Isabelle nodded then turned to Martin, explaining, ‘Liz is coming across for a follow-up meeting. This kind of conference is all very well, but it doesn’t give us any time for detailed discussions.’ She looked at her watch. ‘We really must be going.’

‘Goodbye, Martin,’ said Liz. Isabelle was already heading for the exit.

‘I hope you mean au revoir,’ he said with a small smile as they shook hands.

Later in the day, as the train emerged from the tunnel on the French side of the Channel, Liz looked out of the window as the countryside flashed past. This journey had become very familiar to her; she’d noticed that it was the appearance of the villages, particularly the shape of the church towers, that showed you were in another country, even before you noticed the road signs in French.

And then almost before she could blink they reached Paris. In the fresh sunlight of the spring evening it seemed to her the most beautiful city in the world. Not even the noisy jostling crowd on the platform of the Gare du Nord could sour things. And when the Metro slowed for Saint-Fargeau, her stop on the north-east outskirts of Paris, her pulse quickened at the prospect of the weekend ahead.

She crossed a busy road, then went down a side street. As she approached a now-familiar house, she saw the other tenant, Madame Beylion, come out of the front door. She was a stout, elderly lady with a face set in deceptively dour lines, for she was in fact the kindest of souls.
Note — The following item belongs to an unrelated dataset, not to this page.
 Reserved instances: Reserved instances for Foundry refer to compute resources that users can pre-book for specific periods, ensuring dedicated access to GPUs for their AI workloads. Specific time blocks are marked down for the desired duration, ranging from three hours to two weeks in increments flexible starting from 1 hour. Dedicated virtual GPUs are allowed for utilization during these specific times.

‘ Bonjour, Madame Beylion,’ Liz called out, much more confident speaking in French than she had formerly been.

‘Ah! Bonsoir, Madame.’ The old lady waved and smiled. ‘ Monsieur est à la maison. Il vous attend. ’

Upstairs the door opened just as Liz was about to ring the bell. ‘Telepathy,’ she said.
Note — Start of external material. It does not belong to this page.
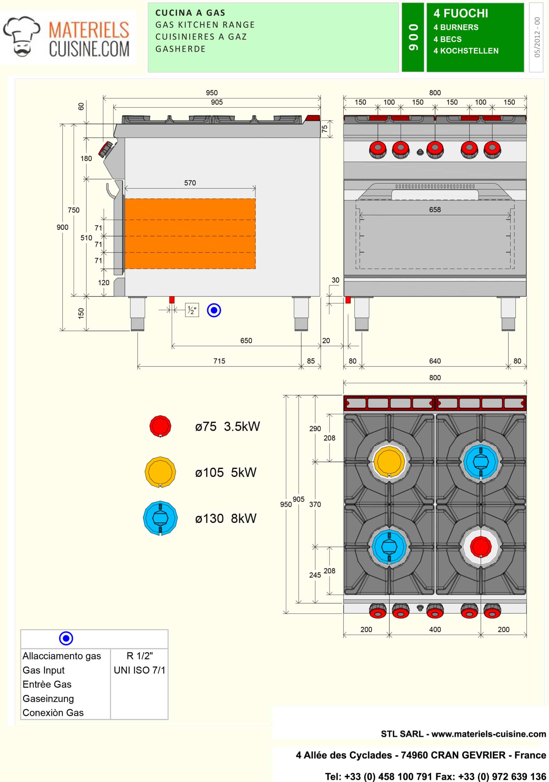 - Brûleurs : 4 brûleurs verticaux (3,5 kW, 5 kW et 8 kW) mono et double couronne

‘I saw you through the window,’ Martin Seurat replied with a grin, and they both laughed. Then he gave her a big kiss. He’d changed out of his work clothes, and was wearing a dark blue Lacoste polo shirt and cotton trousers. With its regular features and dark deep-set eyes his face was at once handsome and a little forbidding – until he smiled, and his eyes lit up.
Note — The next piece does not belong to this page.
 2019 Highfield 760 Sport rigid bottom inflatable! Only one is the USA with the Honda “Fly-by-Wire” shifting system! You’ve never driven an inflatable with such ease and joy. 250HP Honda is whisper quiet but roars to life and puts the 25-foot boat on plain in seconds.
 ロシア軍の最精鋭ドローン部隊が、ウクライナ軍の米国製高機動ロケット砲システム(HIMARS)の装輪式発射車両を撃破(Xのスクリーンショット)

Martin was in the DGSE, MI6’s French counterpart. Liz had met him on the same Northern Irish investigation that had led to her association with Isabelle. It had turned out that her quarry was a former colleague of Martin’s in the DGSE, a man called Milraud, who had become an arms dealer. As the operation had proceeded the immediate mutual attraction had strengthened between Martin and Liz, and after the operation had ended they had gone off together to a small hotel in the Provençal hills, where in the early Mediterranean spring they had unwound in each other’s company.

Now, a year on, what Liz had thought of at first as a fling had turned into… what exactly? She didn’t know or care to analyse it too deeply. She was just happy with it as it was, and their arrangement certainly fitted in well with her current job. Martin’s flat had become her temporary home when, as quite often happened, work took her to Paris.

On her first visit to this flat, Liz had been taken by surprise. She had been expecting a smart bachelor pad in a central district of Paris, somewhere very different from the comfortable apartment in a handsome house in the 20th arrondissement, which was where he actually lived. She knew him better now. The quiet, wide square shaded by plane trees, the friendly neighbours, the local shops where they seemed to have known M. Martin for years, all fitted his personality much better than the minimalist apartment she had imagined.

This evening they had a simple supper in the little alcove off his kitchen, while they caught up with each other’s news. It had been almost a month since they’d last seen each other apart from the brief meeting at the press conference. Martin’s daughter, who lived with his ex-wife two hundred kilometres away, was taking the Baccalauréat this year and applying to the Sorbonne. He was pleased at the prospect of soon being in the same city as his daughter.